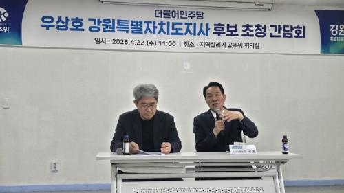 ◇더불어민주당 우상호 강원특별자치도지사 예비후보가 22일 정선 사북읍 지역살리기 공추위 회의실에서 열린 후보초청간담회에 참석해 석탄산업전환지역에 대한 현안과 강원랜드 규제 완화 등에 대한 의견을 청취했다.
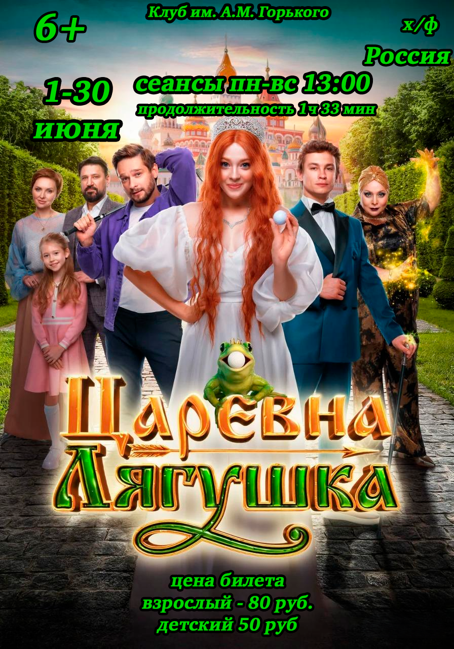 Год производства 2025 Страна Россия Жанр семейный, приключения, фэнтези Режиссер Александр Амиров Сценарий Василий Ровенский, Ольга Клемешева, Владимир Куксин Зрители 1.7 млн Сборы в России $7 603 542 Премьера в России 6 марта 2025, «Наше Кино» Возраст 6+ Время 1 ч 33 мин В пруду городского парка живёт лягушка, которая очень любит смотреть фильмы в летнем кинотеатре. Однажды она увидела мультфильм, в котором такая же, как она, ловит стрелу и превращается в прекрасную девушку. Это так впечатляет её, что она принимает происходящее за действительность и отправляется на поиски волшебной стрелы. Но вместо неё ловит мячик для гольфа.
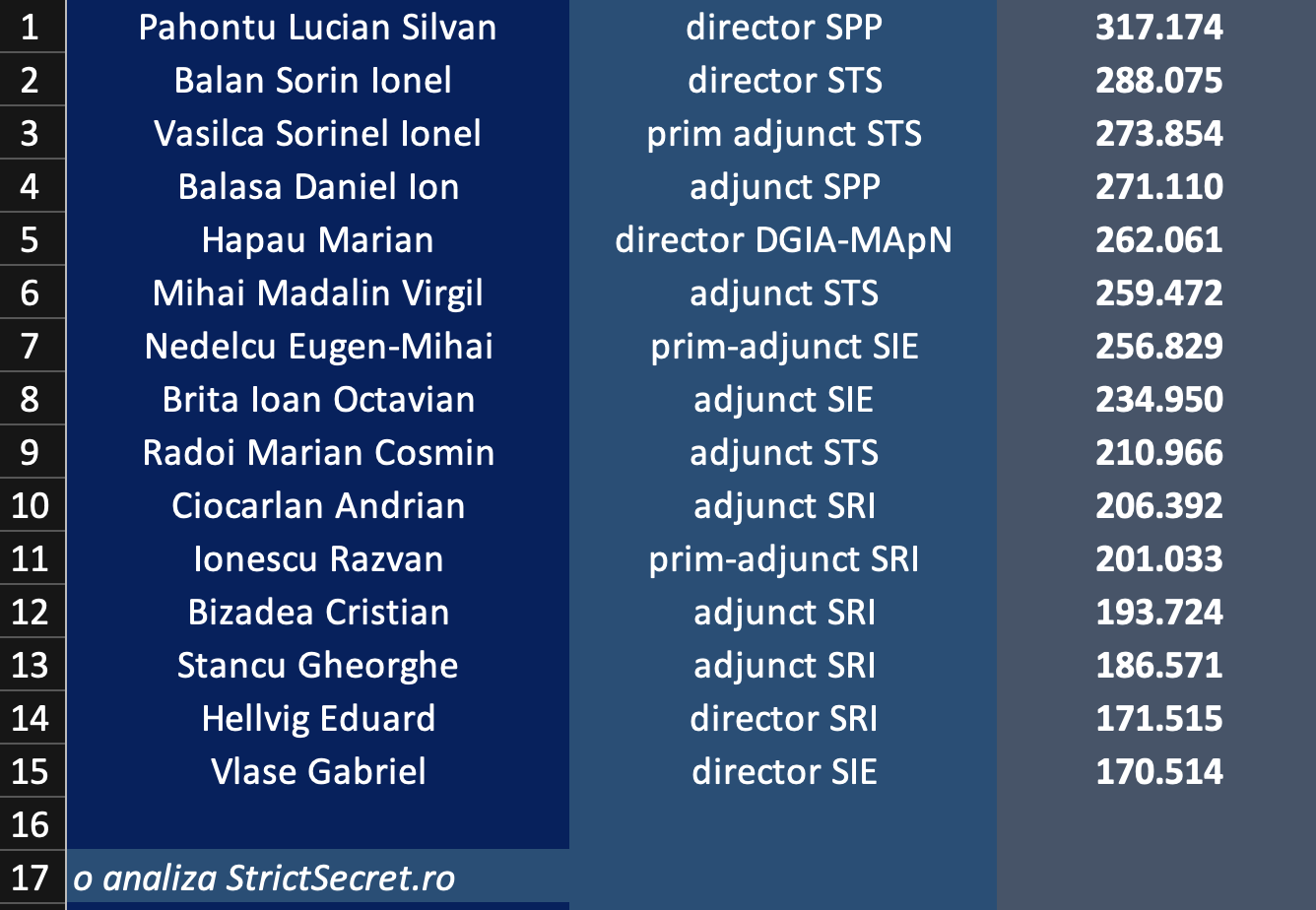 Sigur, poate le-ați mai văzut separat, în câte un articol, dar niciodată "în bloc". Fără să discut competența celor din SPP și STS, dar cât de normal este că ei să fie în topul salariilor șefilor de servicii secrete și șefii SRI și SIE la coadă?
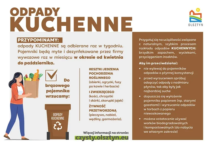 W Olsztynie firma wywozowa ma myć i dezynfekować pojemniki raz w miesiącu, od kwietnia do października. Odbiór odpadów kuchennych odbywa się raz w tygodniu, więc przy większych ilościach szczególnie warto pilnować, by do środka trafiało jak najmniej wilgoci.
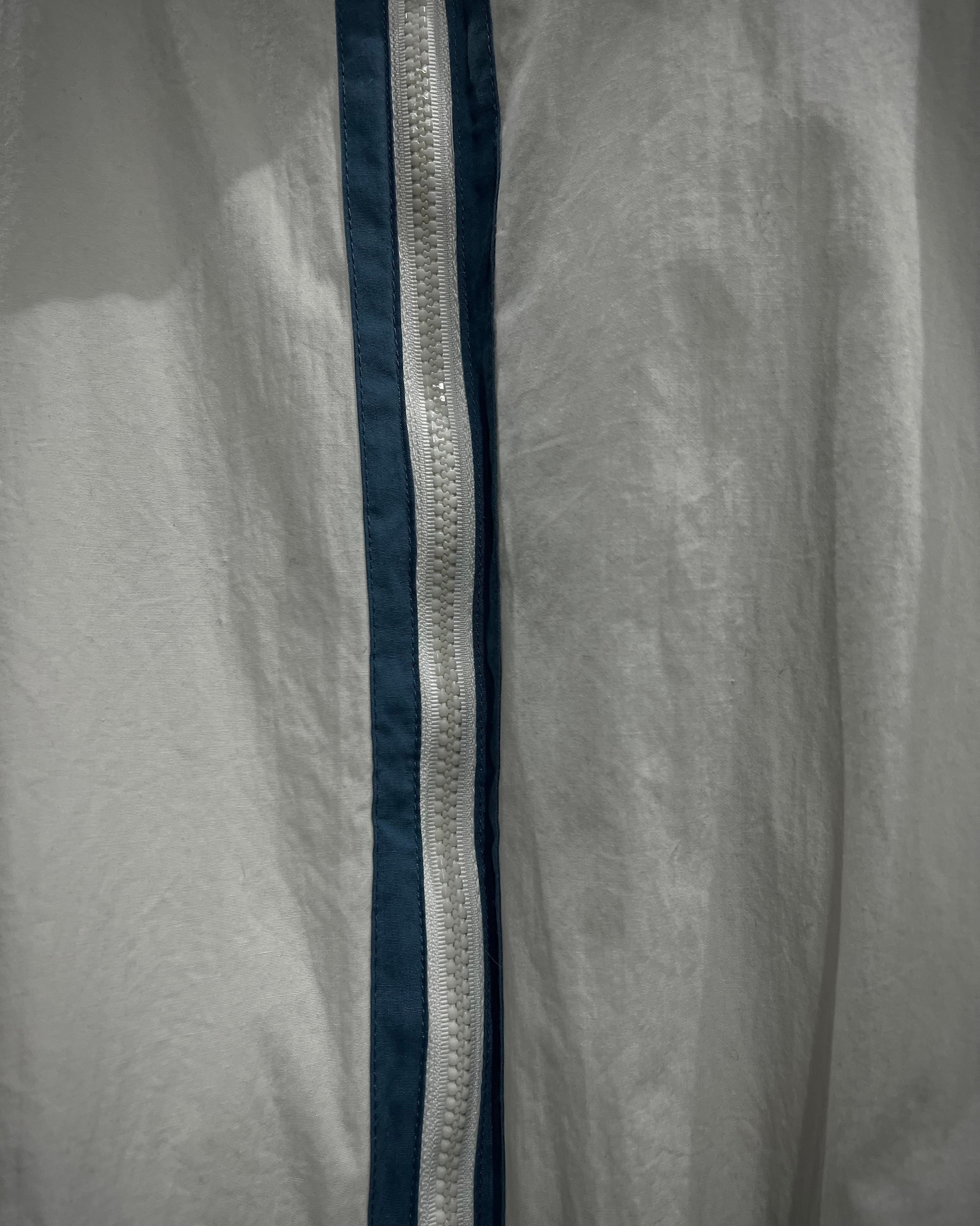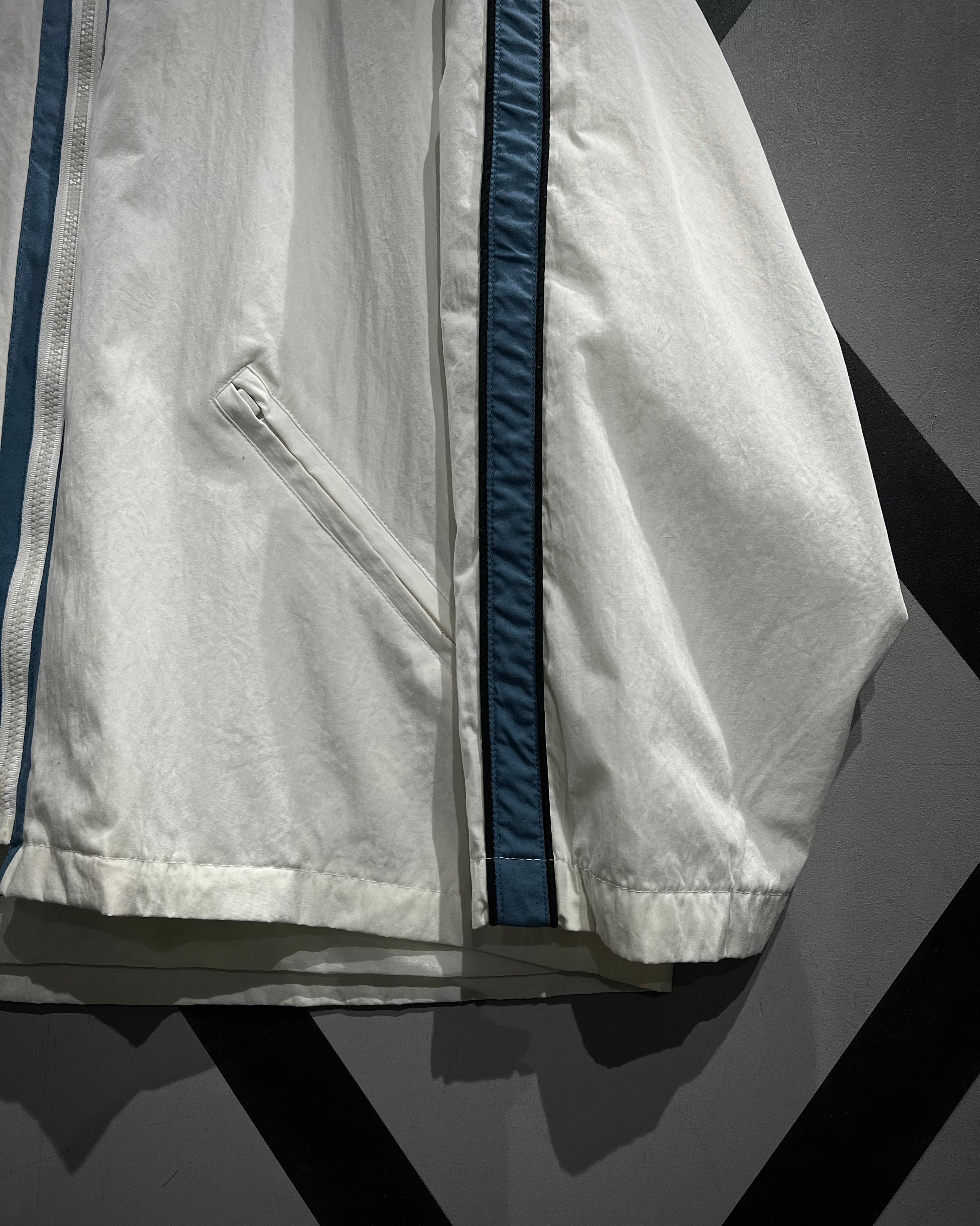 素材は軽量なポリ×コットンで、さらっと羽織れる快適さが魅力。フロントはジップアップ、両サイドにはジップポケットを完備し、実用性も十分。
==
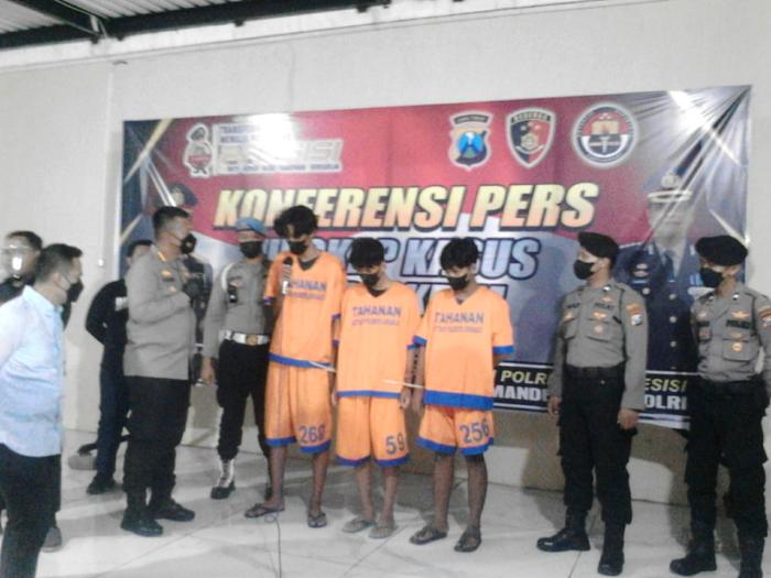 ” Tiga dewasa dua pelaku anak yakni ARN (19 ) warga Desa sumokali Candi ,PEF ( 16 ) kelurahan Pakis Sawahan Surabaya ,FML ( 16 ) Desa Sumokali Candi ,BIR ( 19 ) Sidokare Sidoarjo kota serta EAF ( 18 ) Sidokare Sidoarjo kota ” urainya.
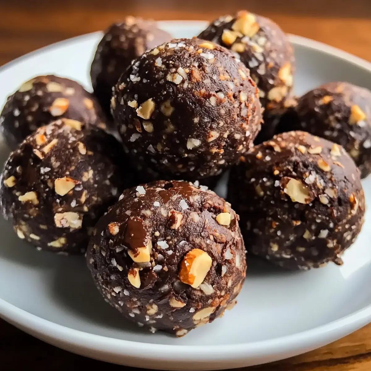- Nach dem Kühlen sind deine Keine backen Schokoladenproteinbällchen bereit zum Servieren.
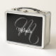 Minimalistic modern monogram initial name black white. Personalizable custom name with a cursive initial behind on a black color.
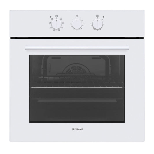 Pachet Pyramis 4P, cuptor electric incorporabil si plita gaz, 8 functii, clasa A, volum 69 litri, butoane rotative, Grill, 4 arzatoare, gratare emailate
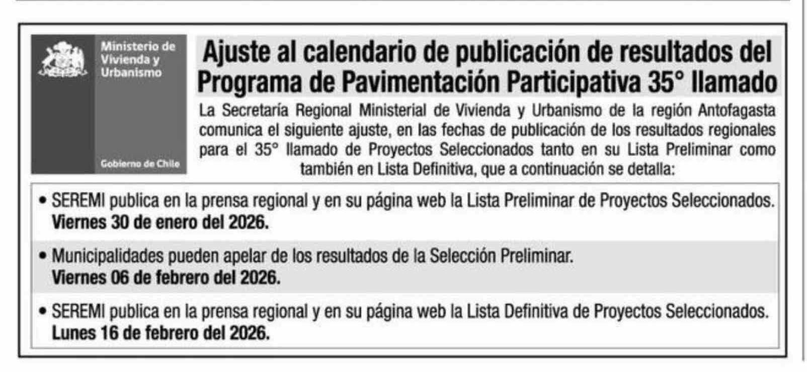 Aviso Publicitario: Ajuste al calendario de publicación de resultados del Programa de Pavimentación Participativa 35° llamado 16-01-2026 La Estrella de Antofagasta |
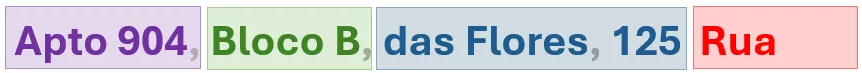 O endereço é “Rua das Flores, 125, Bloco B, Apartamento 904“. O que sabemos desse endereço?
--
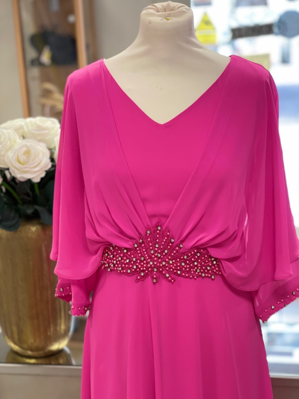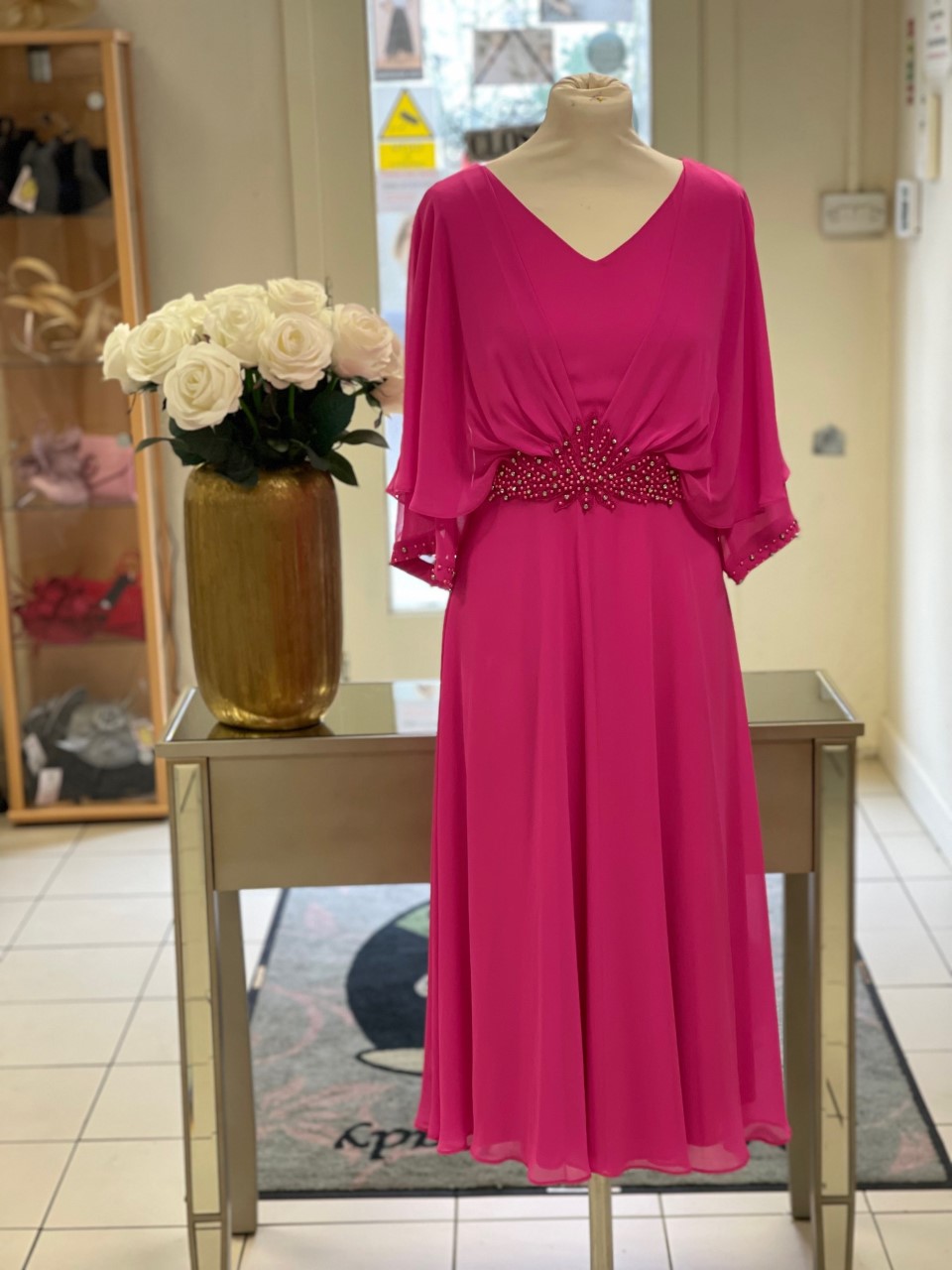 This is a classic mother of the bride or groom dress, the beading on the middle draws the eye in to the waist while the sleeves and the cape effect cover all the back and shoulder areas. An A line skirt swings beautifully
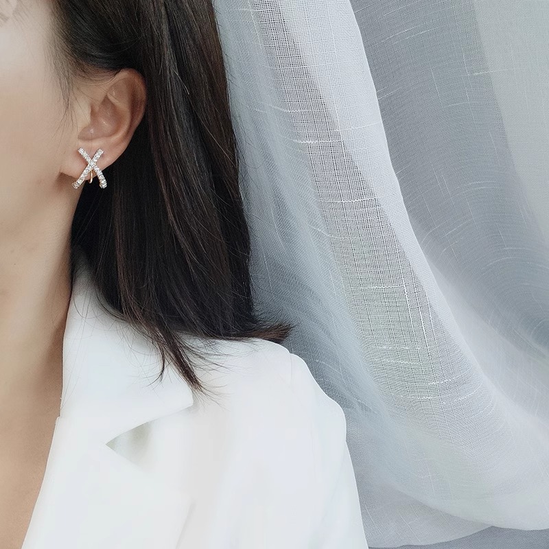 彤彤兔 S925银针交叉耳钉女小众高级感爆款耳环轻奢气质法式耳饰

**Exercise instructions:**
Among the lines above, the one with "대한 의견을 청취했다." opens the part to repeat and the one with "Год производства 2025" closes it; repeat only that part exactly, with no pictures.

**Written solution:**
 ◇더불어민주당 우상호 강원특별자치도지사 예비후보가 22일 정선 사북읍 지역살리기 공추위 회의실에서 열린 후보초청간담회에 참석해 석탄산업전환지역에 대한 현안과 강원랜드 규제 완화 등에 대한 의견을 청취했다.
 Год производства 2025 Страна Россия Жанр семейный, приключения, фэнтези Режиссер Александр Амиров Сценарий Василий Ровенский, Ольга Клемешева, Владимир Куксин Зрители 1.7 млн Сборы в России $7 603 542 Премьера в России 6 марта 2025, «Наше Кино» Возраст 6+ Время 1 ч 33 мин В пруду городского парка живёт лягушка, которая очень любит смотреть фильмы в летнем кинотеатре. Однажды она увидела мультфильм, в котором такая же, как она, ловит стрелу и превращается в прекрасную девушку. Это так впечатляет её, что она принимает происходящее за действительность и отправляется на поиски волшебной стрелы. Но вместо неё ловит мячик для гольфа.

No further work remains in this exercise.